Multi-tool positioners are used to set geometry or to assist in securing automotive body parts so that the general operating process can be performed to create a part assembly that meets specifications. Typically as many as about twelve multi-tool positioner units may be used in a fixture and pallet tooling, depending on the parts being assembled. In use, an operator (or automatic equipment) loads an automotive component part, for example, a wheel house inner or even an entire underbody assembly, onto the pallet/fixture. The multi-tool positioner units hold the component parts in position.
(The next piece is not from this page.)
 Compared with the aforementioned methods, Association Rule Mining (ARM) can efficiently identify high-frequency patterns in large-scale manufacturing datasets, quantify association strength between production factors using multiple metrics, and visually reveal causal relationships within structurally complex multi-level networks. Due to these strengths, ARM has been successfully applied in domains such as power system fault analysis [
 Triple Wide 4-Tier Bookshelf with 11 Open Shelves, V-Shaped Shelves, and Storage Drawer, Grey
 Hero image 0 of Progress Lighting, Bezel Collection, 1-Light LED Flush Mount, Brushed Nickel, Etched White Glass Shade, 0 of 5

In the event that a different specified part is entered in to the system the multi-tool positioner units can be manipulated to the required location to accommodate the entering part.
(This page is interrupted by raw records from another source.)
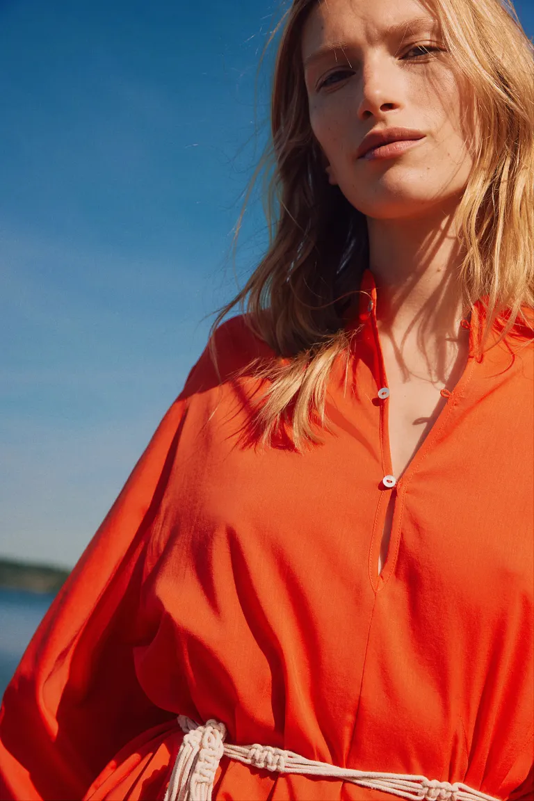 Бренд: H&M Цвет: красный Новинка Короткое платье из смеси хлопка и вискозы свободного кроя. Воротник стойка, короткая планка на пуговицах и съемный пояс макраме. Вырез на плечах, длинные рукава-фонарики с узкой окантовкой с разрезом и пуговицей по низу. Без подкладки. Размер: Рукав: Длина: 60,0 см (размер M), Плечо: Ширина: 49,0 см (размер M), Спина: Длина: 88,5 см (размер M) Длина: Короткая Длина рукава : Длинный рукав Посадка: Свободный крой Вырез: V-образный Фильм рукава: Рукав-воздушный шар
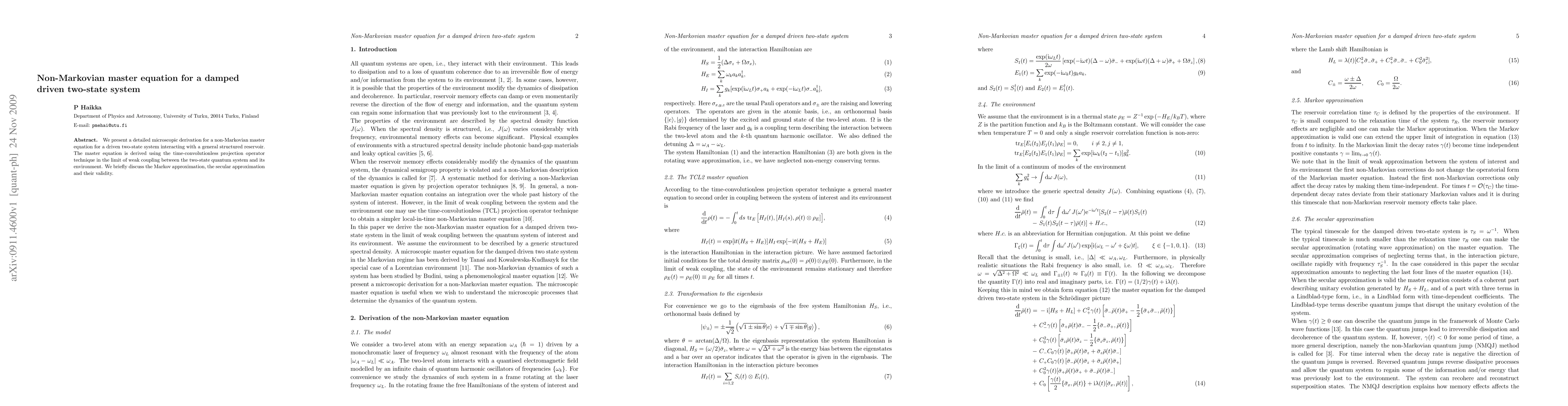 This paper derives a non-Markovian master equation for a weakly coupled driven two-state quantum system using the time-convolutionless projection operator technique. It also examines the Markov and secular approximations, assessing their applicability.
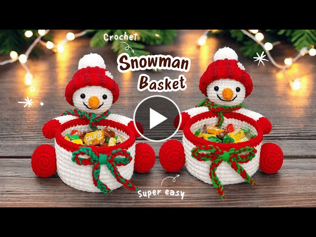 sc - single crochet https://www.youtube.com/results?search_query=single+crochet+for+beginners inc - increase https://www.youtube.com/results?search_query=crochet+increase dec - decrease https://www.youtube.com/results?search_query=crochet+decrease sl st - slip stitch https://www.youtube.com/results?search_query=crochet+slip+stitch Material: To crochet this amigurumi snowman basket pattern for Christmas - I use milk cotton yarn 5 ply (cotton 80% & acrylic 20%), 100g ≈ 175m - Crochet hook size 4.0mm & 2.75mm - Eyes 7mm - Yarn needle - Stuffing - Stitch markers: use a stitch marker to mark the end of each round - Scissors - Straight pins You may love these crochet christmas gifts ideas: https://www.youtube.com/playlist?list=PLFfBgdAVgd2o73jPJYPi2OOxNI5SBzAMl 00:00 Intro 00:37 Basket 14:02 Head 22:51 Arms 30:55 Legs 37:07 Nose 42:18 Hat 50:23 Scarf & Bow 51:51 ASSEMBLY #amigurumi #how_to_crochet #crochet_for_beginner

The multi-tool positioner unit must be able to be moved in three orthogonal directions to achieve the required flexibility. The unit is adjustable through a braking system. The braking system may be released to reconfigure the multi-tool positioner unit to a different required position. More particularly, the multi-tool positioner units can be repositioned by engaging socket type connections, either manually or by using robotic end of arm tooling. From any given position, the brakes may be released individually or sequentially to obtain the next desired position. Once the next position is obtained, the manual device or robotic end of arm tooling will engage the brake to hold the multi-tool positioner unit in that position. The multi-tool positioner units must also accommodate locational tolerances required to compensate for manufacturing tolerances inherent in the various body parts and in the multi-tool positioner unit itself, while holding the tool in the desired position. Moreover, the brakes should be able to withstand minor collisions or pressure exerted by external forces.
Conventional multi-tool positioner units generally include spherical bearings in the lower pivot assembly to provide positional compliance and/or locational tolerance. Upper pivot assemblies hold a desired position with surface contact bearing method utilizing coated fitted bearings.